GuoshengMa commented 1 month ago

@melonora By setting the filter_tables parameter to False, I can successfully obtain tables. However, the tables I obtain do not seem to be filtered and are not specific to the polygon query region.

Here is my code:

# we rounded the coordinates to make it less verbose here in the notebook
# fmt: off
shape0 = (
    np.array(
        [
            [
                182.0,181.0,179.0,178.0,174.0,173.0,172.0,168.0,165.0,164.0,164.0,166.0,167.0,168.0,169.0,169.0,168.0,166.0,163.0,163.0,
                163.0,164.0,165.0,167.0,168.0,169.0,172.0,173.0,174.0,175.0,180.0,185.0,187.0,188.0,189.0,190.0,191.0,192.0,193.0,194.0,
                196.0,198.0,200.0,202.0,205.0,207.0,209.0,211.0,212.0,213.0,215.0,215.0,216.0,216.0,215.0,215.0,214.0,212.0,211.0,209.0,
                208.0,208.0,206.0,205.0,204.0,202.0,200.0,196.0,195.0,195.0,195.0,194.0,192.0,190.0,189.0,186.0,184.0,184.0,183.0,184.0,
                185.0,186.0,186.0,184.0,182.0,182.0,182.0,183.0,183.0,183.0,182.0,182.0,183.0,183.0,181.0,178.0,178.0,178.0,179.0,180.0,
                182.0,182.0,183.0,183.0,182.0,
            ],
            [
                105.0,105.0,106.0,107.0,108.0,109.0,110.0,112.0,114.0,115.0,118.0,121.0,122.0,123.0,125.0,126.0,129.0,136.0,140.0,141.0,
                143.0,151.0,153.0,155.0,157.0,158.0,160.0,162.0,162.0,163.0,168.0,173.0,174.0,174.0,175.0,176.0,178.0,179.0,179.0,181.0,
                181.0,182.0,183.0,183.0,183.0,183.0,182.0,181.0,179.0,177.0,174.0,173.0,170.0,167.0,164.0,160.0,159.0,158.0,159.0,161.0,
                161.0,161.0,158.0,156.0,156.0,156.0,157.0,160.0,161.0,162.0,164.0,164.0,164.0,162.0,161.0,160.0,159.0,157.0,156.0,153.0,
                151.0,148.0,147.0,145.0,144.0,143.0,141.0,139.0,137.0,136.0,135.0,134.0,132.0,131.0,129.0,126.0,123.0,120.0,118.0,115.0,
                112.0,111.0,110.0,109.0,105.0,
            ],
        ]
    )
    * 100
)
# fmt: on

gdf = GeoDataFrame({"geometry": [numpy_to_shapely(shape0)]})
gdf = ShapesModel.parse(gdf, transformations={"aligned": Identity()})
visium_sdata.shapes["lasso"] = gdf

image

image

image

The results from the tutorial are as follows:

{'lasso': AnnData object with n_obs × n_vars = 102 × 18085
     obs: 'in_tissue', 'array_row', 'array_col', 'spot_id', 'region', 'dataset', 'clone'
     var: 'gene_ids', 'feature_types', 'genome'
     uns: 'spatial', 'spatialdata_attrs'
     obsm: 'spatial',
 'my_shapes': AnnData object with n_obs × n_vars = 139 × 18085
     obs: 'in_tissue', 'array_row', 'array_col', 'spot_id', 'region', 'dataset', 'clone'
     var: 'gene_ids', 'feature_types', 'genome'
     uns: 'spatial', 'spatialdata_attrs'
     obsm: 'spatial',
 'my_shapes_2': AnnData object with n_obs × n_vars = 142 × 18085
     obs: 'in_tissue', 'array_row', 'array_col', 'spot_id', 'region', 'dataset', 'clone'
     var: 'gene_ids', 'feature_types', 'genome'
     uns: 'spatial', 'spatialdata_attrs'
     obsm: 'spatial'}

As you can see, in my case, it seems that polygon_query() did not return the corresponding AnnData object for the polygon. What could be the issue?

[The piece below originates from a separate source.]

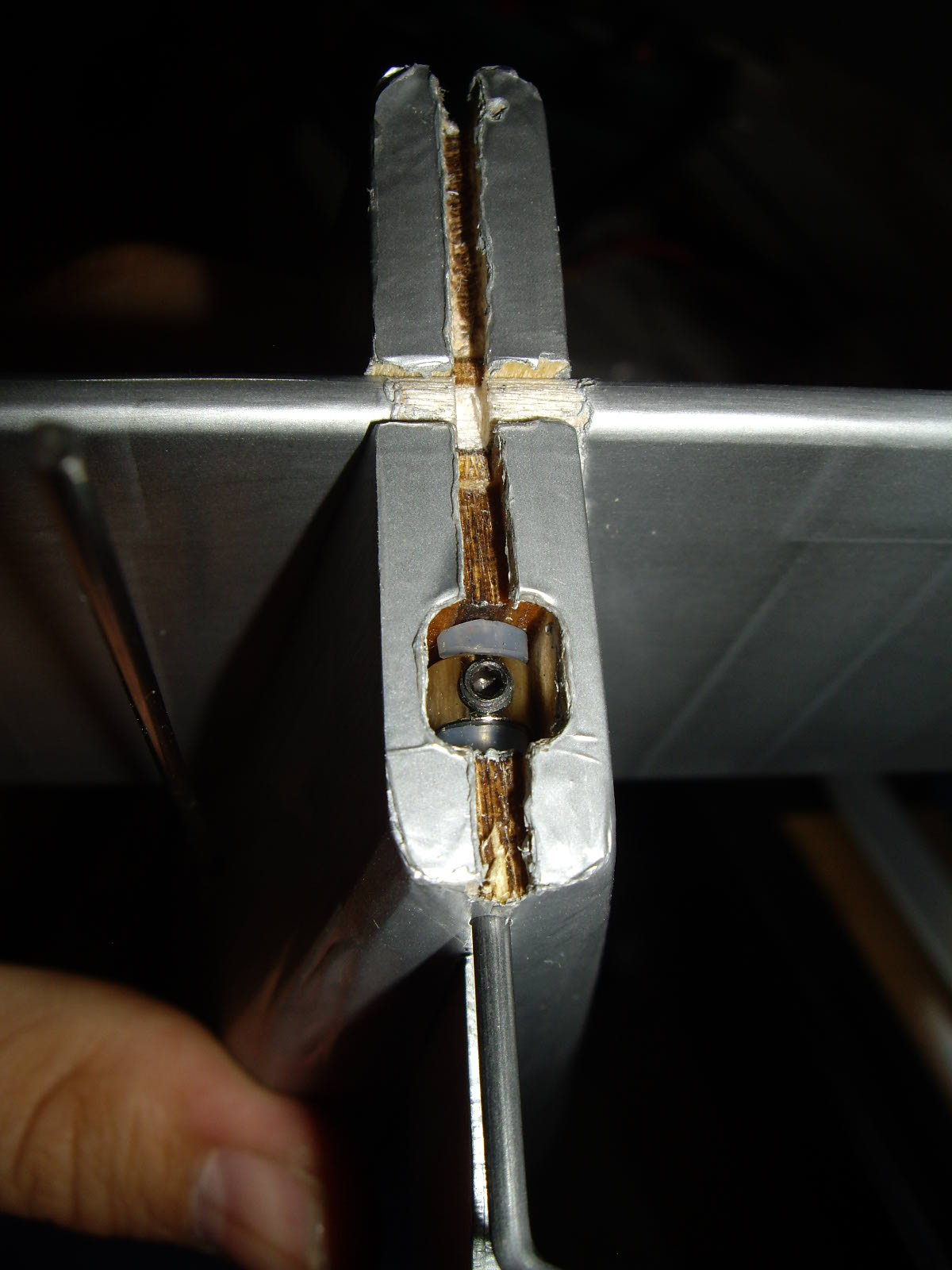 1º Podéis observar cómo he calzado el servo con una arandela de madera, para dar inclinación al brazo, y así no tener que doblar la transmisión de acero.

melonora commented 1 month ago

I will look into the issue a bit later. From our conversation though it is clear that the docstring for this function is not informative enough:) I will change the docstring as well, it is already correctly explained in the notebook that is part of the PR now though.

The main thing that filtered_table does is filter the rows that are present in the tables annotating elements in the resulting SpatialData object. It is filtered based on which rows rows of the element which the table is annotating are actually present in the volume of the polygon that you query. If this results in an empty table then this table is omitted. In case the parameter is set to False then all filtered tables are returned but without any filtering of the rows

GuoshengMa commented 1 month ago

Noted. I trust that you will be able to resolve this issue quickly. Looking forward to your response!